Breaking down barriers in southwest Scarborough

This post by Michelle Kearns is part of Spacing’s partnership with the Toronto Cycling Think & Do Tank at the University of Toronto. Michelle is a graduate of U of T’s Master of Science in Planning program working in partnership with the Scarborough Cycles project at the Toronto Centre for Active Transportation. Scarborough Cycles is funded by the Metcalf Foundation’s Cycle City program, which aims to build a constituency and culture in support of cycling for transportation.

Scarborough was built for automobiles, this is true. Arterial roads are wide and fast, crossing distances at intersections are long, and winding residential streets are designed to keep traffic out (and at the same time this design restricts the use of these streets as safe cycling shortcuts). However, not everyone drives. TTC ridership counts point to heavily used routes such as Eglinton East (28,000 people on an average weekday), Lawrence East (33,700), and Victoria Park (24,800) (TTC, 2014), and since there is no comprehensive and detailed current walking or cycling data, TTC ridership is the closest we have to understanding how many residents are getting around without a private automobile. We know that car ownership in Scarborough is not nearly as common as what some may assume. There are significant numbers of residents getting around without cars in Scarborough. Even transit riders turn into pedestrians or cyclists when making the trip to or from the bus stop.

Figure 1 Eglinton Avenue (Google Maps)

 

 

 

 

 

 

 

 

 

 

Figure 2 Eglington Avenue (Google Maps)

 

 

 

 

 

 

 

 

 

 

 

 

 

Over one month in late 2016, my colleague Trudy Ledsham and I held four focus groups in Southwest Scarborough with the goal of better understanding barriers to walking and cycling for transportation in the area. These focus groups were born out of a survey done by the Scarborough Cycles team when they had initially sought to generally understand travel in Scarborough. Thankfully for us, we were able to take advantage of one question on that survey: “Would you be interested in participating in a focus group on bicycling for transportation?” A total of 32 participants were still interested, months later, and chose to join us for a conversation.

We had expected the discussion to focus broadly on a lack of bike lanes and the challenges of crossing arterial roads, but instead we were privileged to learn about the participants’ daily lives and the unique mobility barriers they experience.

The focus groups included residents from various income groups, ages, and immigration status. Both high-rise dwellers and single-family homeowners participated. Many attendees were eager to tell their stories–of suffering a severe fall off a bike due to feeling forced to ride on the grassy boulevard and not the sidewalk or road, of poor lighting on sidewalks necessitating long route alterations on the way home, or of being passed too closely by fast-moving buses on Pharmacy Avenue while on a bike and fearing for their safety. Many saw TTC fare (and infrequent schedules) as barriers to go grocery shopping, taking their children to daycare, or running errands. Biking was helpful for some trips, but not feasible for many due to distance or the lack of a safe route. Biking to the nearest subway station (Victoria Park for most participants) would reduce commute time, but again, would require time spent on arterial roads—most participants in this case used the sidewalk.

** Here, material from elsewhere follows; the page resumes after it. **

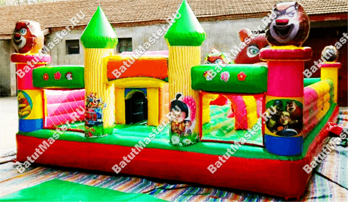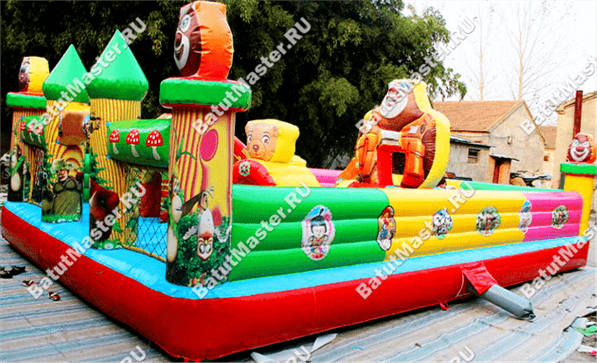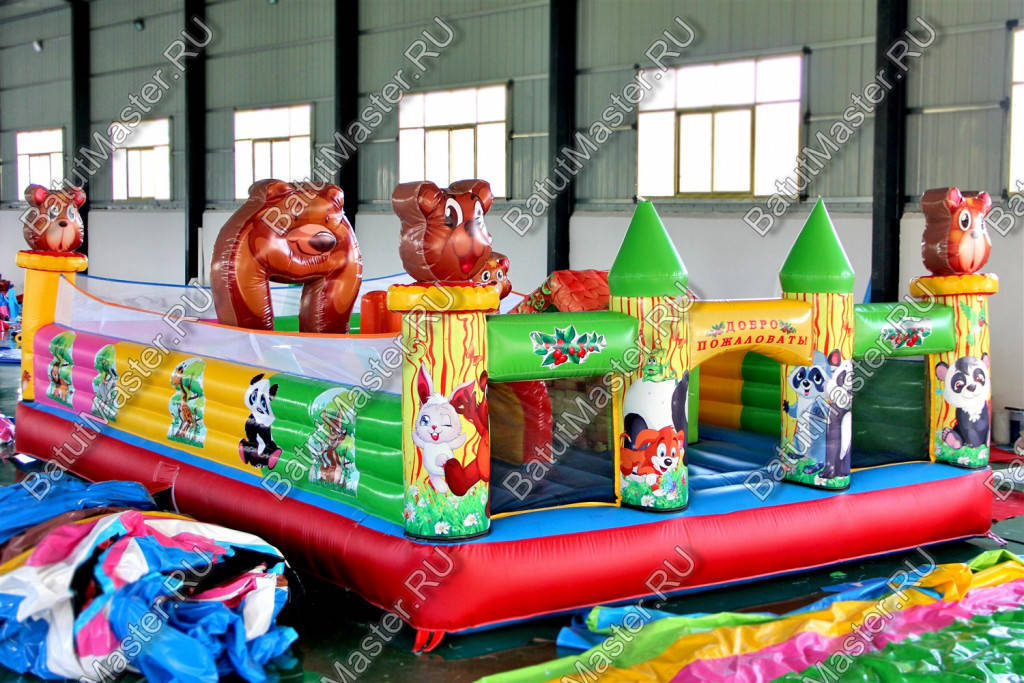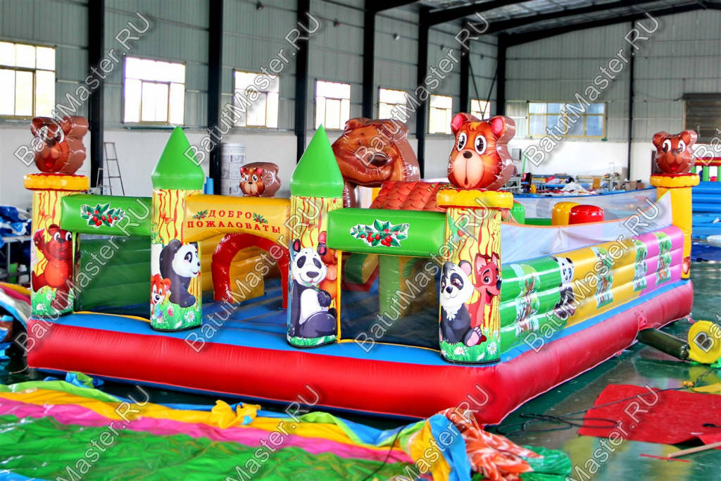 За горкой-уточкой на уличном батуте помещается еще целая масса надувных животных, вместе с которыми будет веселее прыгать, играть и бегать. Нельзя сказать, что эта конструкция направлена сугубо на детей самого младшего возраста, попрыгать и поиграть здесь могут абсолютно все. Но для малышей здесь максимально комфортно и не страшно, таким свойством отличаются далеко не все батуты.

The bike parking station at Victoria Park was inaccessible to most—too expensive and too difficult to register as it must be done in-person at Union Station.

There was a sense of confusion for participants who were relatively new to the area when the Ford-era bike lane removal was brought up. For those who try to meander to the grocery store on their bikes, a bike lane on Pharmacy Avenue would have removed a significant barrier.

One of Scarborough’s best resources is the ravine trail system, but many participants felt unsafe exploring the isolated ravines on their own (as they thought there was little in the way of maps or wayfinding) or felt like they could not use these trails to commute as there was no lighting at night. Simply crossing the road was a barrier. Although all arterials are equipped with sidewalks and traffic lights at main intersections, the sheer distance that a pedestrian has to cross while cars attempt to turn across their path was a source of discomfort, especially for participants who were older, faced mobility challenges, or cared for small children.

 

Figure 3 Multi-use pathway on Ellesmere Road, Scarborough

This is a summary of the feedback and knowledge gained through this exercise. Thirty-two participants agreed to chat about their daily mobility challenges–many were passionate and truly believed some small changes could enhance safety and security for themselves and their neighbours. However, the system of “being heard” in Toronto is complicated. Councillors, community council, transportation services, the TTC–being new to Canada, having unpredictable schedules, dealing with a language barrier, or having a mobility barrier restricting access to some community consultations hindered many of these residents from accessing the traditional channels of advocating. Southwest Scarborough is a place of great diversity and rich culture, and it is a waste to not extend targeted effort at including these populations in discussing neighbourhood improvements. The narrative of Scarborough as an auto-dominated place where active transportation efforts would be wasted is difficult to overcome. Safety is a right for all–not just those who can navigate the complicated waters of power and representation in this City. It’s time that all modes of mobility are legitimized in Scarborough.